▶ [What to work on]: Starting from the line with "Black fleecepullover unisex" and going up to and including the line with "Empfindlichkeit pro Bildschirmteilung: 10", copy the listing below exactly. Leave all images out.

▶ [Input for this task]:
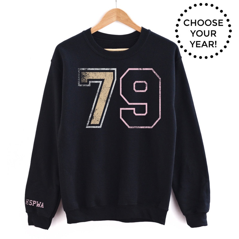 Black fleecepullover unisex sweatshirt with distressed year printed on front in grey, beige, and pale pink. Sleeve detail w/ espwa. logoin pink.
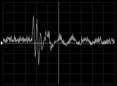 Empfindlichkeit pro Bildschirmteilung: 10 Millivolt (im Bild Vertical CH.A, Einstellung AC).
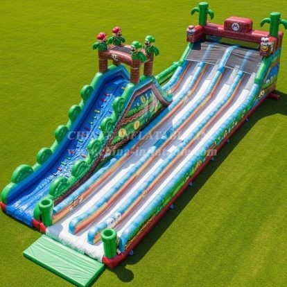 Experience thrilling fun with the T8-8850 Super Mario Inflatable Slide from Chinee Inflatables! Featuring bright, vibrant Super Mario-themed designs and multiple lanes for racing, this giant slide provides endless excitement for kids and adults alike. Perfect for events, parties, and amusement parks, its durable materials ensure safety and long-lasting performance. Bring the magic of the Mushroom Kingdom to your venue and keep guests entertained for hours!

* * *

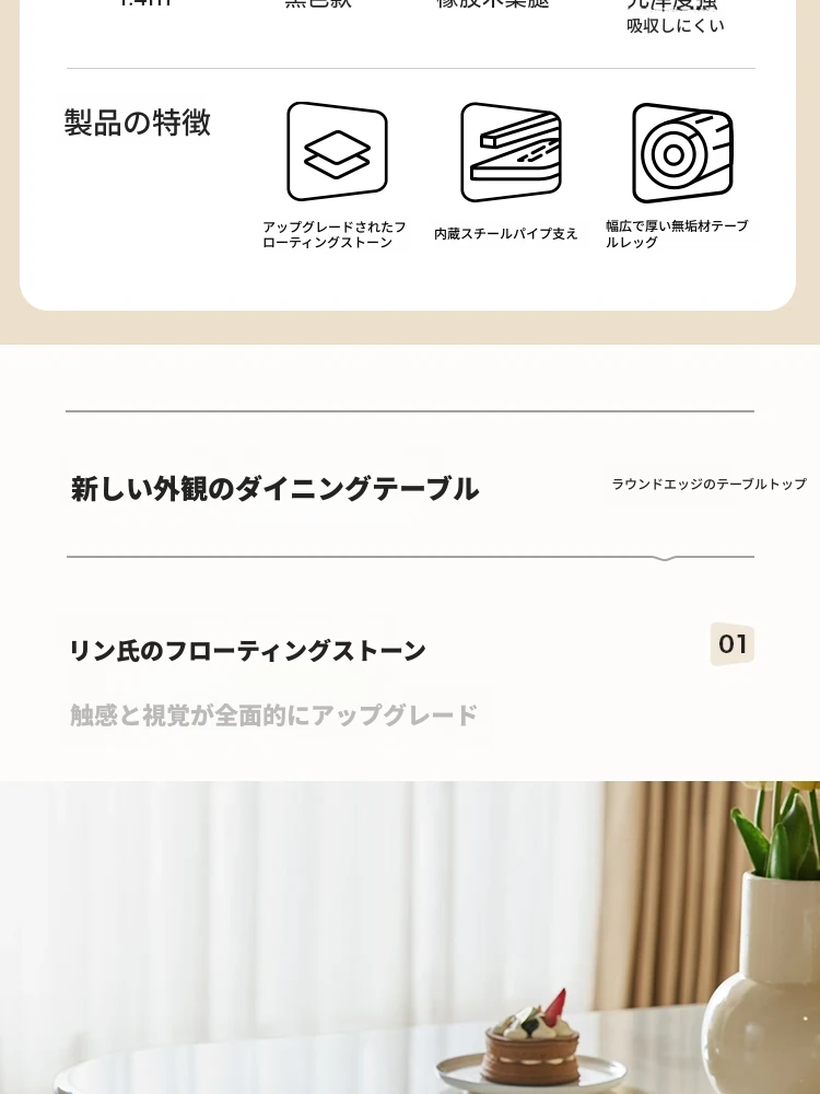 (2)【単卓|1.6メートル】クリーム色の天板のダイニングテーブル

==

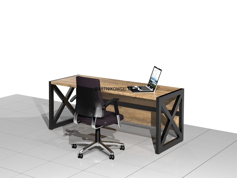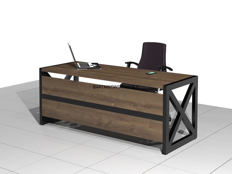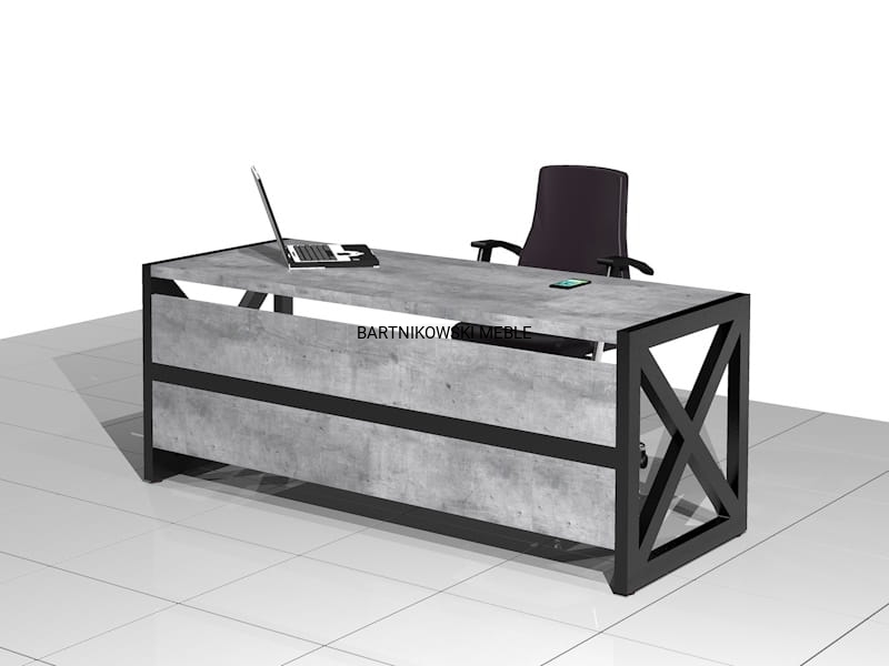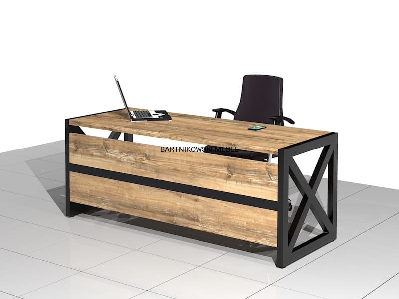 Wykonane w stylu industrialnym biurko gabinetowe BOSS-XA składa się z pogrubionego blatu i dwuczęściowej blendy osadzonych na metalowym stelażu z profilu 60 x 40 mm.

▶ [Expected answer]:
 Black fleecepullover unisex sweatshirt with distressed year printed on front in grey, beige, and pale pink. Sleeve detail w/ espwa. logoin pink.
 Empfindlichkeit pro Bildschirmteilung: 10 Millivolt (im Bild Vertical CH.A, Einstellung AC).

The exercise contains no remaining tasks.